#### What needs to be done:
Leave the pictures out and transcribe every record exactly.

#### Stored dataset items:

────────

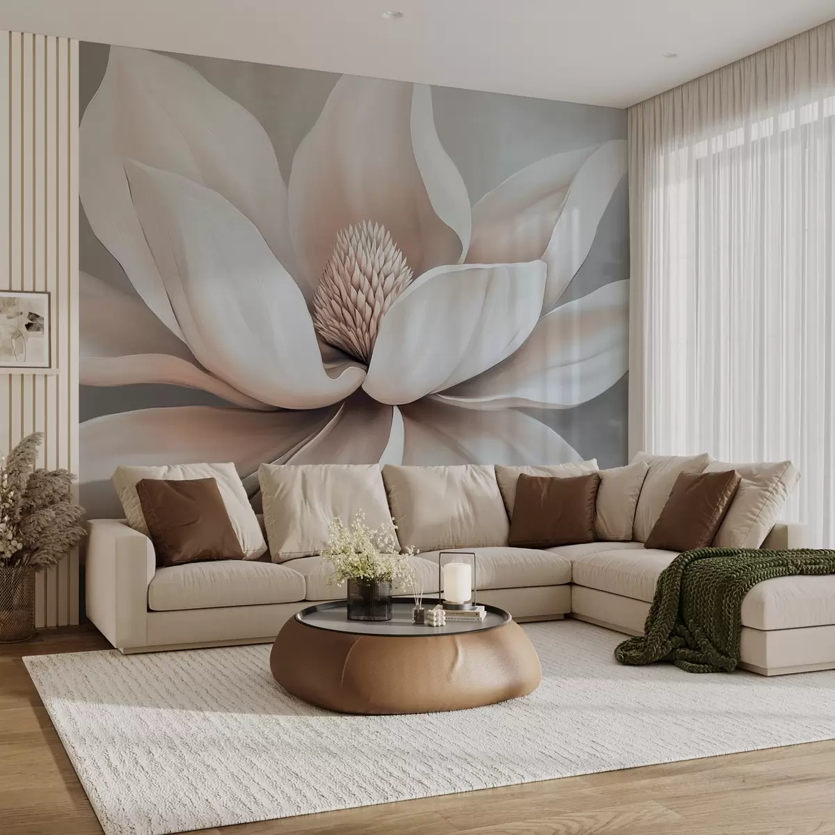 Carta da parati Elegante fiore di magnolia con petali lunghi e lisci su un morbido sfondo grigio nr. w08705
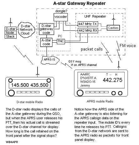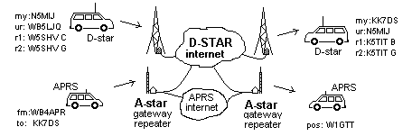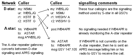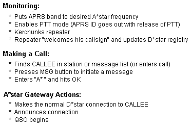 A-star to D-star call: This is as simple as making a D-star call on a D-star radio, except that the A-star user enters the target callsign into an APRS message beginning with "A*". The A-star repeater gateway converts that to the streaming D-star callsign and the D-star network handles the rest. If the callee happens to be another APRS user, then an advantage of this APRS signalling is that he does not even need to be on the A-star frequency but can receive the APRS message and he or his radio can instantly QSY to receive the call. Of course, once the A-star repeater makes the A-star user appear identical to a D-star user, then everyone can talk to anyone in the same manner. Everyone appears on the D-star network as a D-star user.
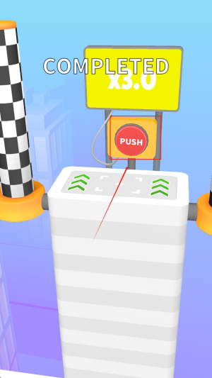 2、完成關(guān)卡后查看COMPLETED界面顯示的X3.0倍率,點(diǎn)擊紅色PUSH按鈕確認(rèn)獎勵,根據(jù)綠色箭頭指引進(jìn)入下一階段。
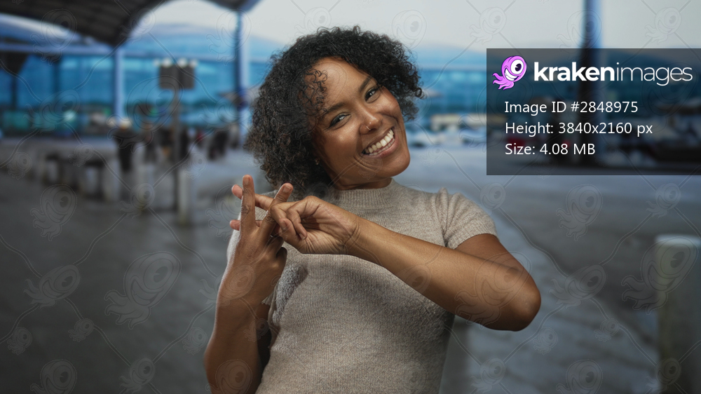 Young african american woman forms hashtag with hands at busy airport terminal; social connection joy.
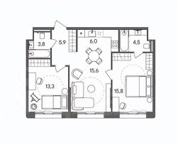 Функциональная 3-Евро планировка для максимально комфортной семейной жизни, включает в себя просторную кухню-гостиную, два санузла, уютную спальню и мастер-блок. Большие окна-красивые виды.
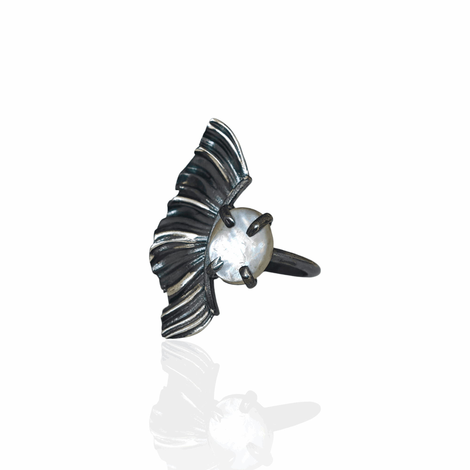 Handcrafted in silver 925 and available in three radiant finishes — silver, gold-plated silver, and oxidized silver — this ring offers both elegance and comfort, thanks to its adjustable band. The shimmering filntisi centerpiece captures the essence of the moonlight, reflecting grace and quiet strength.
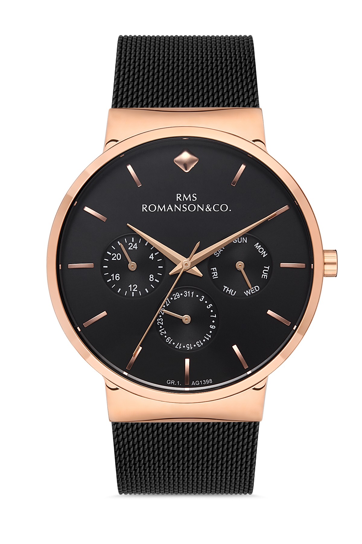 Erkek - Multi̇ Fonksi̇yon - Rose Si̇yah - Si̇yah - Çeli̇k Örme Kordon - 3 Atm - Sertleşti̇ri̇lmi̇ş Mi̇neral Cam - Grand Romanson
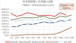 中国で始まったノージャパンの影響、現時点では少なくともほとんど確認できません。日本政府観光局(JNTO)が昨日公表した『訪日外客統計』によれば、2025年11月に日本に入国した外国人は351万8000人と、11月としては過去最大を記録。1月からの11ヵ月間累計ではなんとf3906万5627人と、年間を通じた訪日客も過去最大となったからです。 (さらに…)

────────

#### Exercise solution:
 Carta da parati Elegante fiore di magnolia con petali lunghi e lisci su un morbido sfondo grigio nr. w08705
 A-star to D-star call: This is as simple as making a D-star call on a D-star radio, except that the A-star user enters the target callsign into an APRS message beginning with "A*". The A-star repeater gateway converts that to the streaming D-star callsign and the D-star network handles the rest. If the callee happens to be another APRS user, then an advantage of this APRS signalling is that he does not even need to be on the A-star frequency but can receive the APRS message and he or his radio can instantly QSY to receive the call. Of course, once the A-star repeater makes the A-star user appear identical to a D-star user, then everyone can talk to anyone in the same manner. Everyone appears on the D-star network as a D-star user.
 2、完成關(guān)卡后查看COMPLETED界面顯示的X3.0倍率,點(diǎn)擊紅色PUSH按鈕確認(rèn)獎勵,根據(jù)綠色箭頭指引進(jìn)入下一階段。
 Young african american woman forms hashtag with hands at busy airport terminal; social connection joy.
 Функциональная 3-Евро планировка для максимально комфортной семейной жизни, включает в себя просторную кухню-гостиную, два санузла, уютную спальню и мастер-блок. Большие окна-красивые виды.
 Handcrafted in silver 925 and available in three radiant finishes — silver, gold-plated silver, and oxidized silver — this ring offers both elegance and comfort, thanks to its adjustable band. The shimmering filntisi centerpiece captures the essence of the moonlight, reflecting grace and quiet strength.
 Erkek - Multi̇ Fonksi̇yon - Rose Si̇yah - Si̇yah - Çeli̇k Örme Kordon - 3 Atm - Sertleşti̇ri̇lmi̇ş Mi̇neral Cam - Grand Romanson
 中国で始まったノージャパンの影響、現時点では少なくともほとんど確認できません。日本政府観光局(JNTO)が昨日公表した『訪日外客統計』によれば、2025年11月に日本に入国した外国人は351万8000人と、11月としては過去最大を記録。1月からの11ヵ月間累計ではなんとf3906万5627人と、年間を通じた訪日客も過去最大となったからです。 (さらに…)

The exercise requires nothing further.